Para a irmã de Matheusa, Gabe Passareli, há outra pauta imediata para além da investigação. Prestes a se formar em terapia ocupacional na Universidade Federal do Rio de Janeiro (UFRJ), ela vem se articulando com estudantes e professores das instituições que Matheusa frequentava para cobrar mudanças nas políticas de permanência estudantil.

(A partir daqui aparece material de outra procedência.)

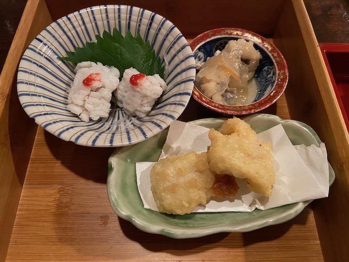 コースの注文だったので、実はうどんに辿り着くまで、あれこれと料理が出てくる。懐石っぽい料理の組み立てだった。なるほど、こうすれば「うどん屋」でも酒が楽しめるのか、と感心した。(今更だが)

“A gente não pode se prender só ao tiro, mas às desassistências, à falta de cuidado, às omissões. Minha irmã vinha num processo de estresse muito grande por conta da graduação”, diz Gabe. Em uma cerimônia realizada na Uerj em homenagem a Matheusa, ela leu um trabalho que a irmã havia feito pela faculdade, no qual criticava as condições oferecidas aos estudantes de baixa renda. A professora responsável nessa ocasião lhe deu nota zero, alegando que a peça era um “desabafo” e que ela faltava em aulas demais.

Gabe diz que a irmã sofria de problemas psíquicos e que a desorganização da assistência estudantil só piorou essa condição. O dinheiro das bolsas não caía no dia certo, o que fazia com que ela tivesse de se desdobrar para pagar o aluguel. Ambas bolsistas, as irmãs se mudaram juntas para a capital vindas de Rio Bonito, no interior do estado. Nos últimos meses, chegaram a alugar quartos na casa de desconhecidos para se manterem na cidade.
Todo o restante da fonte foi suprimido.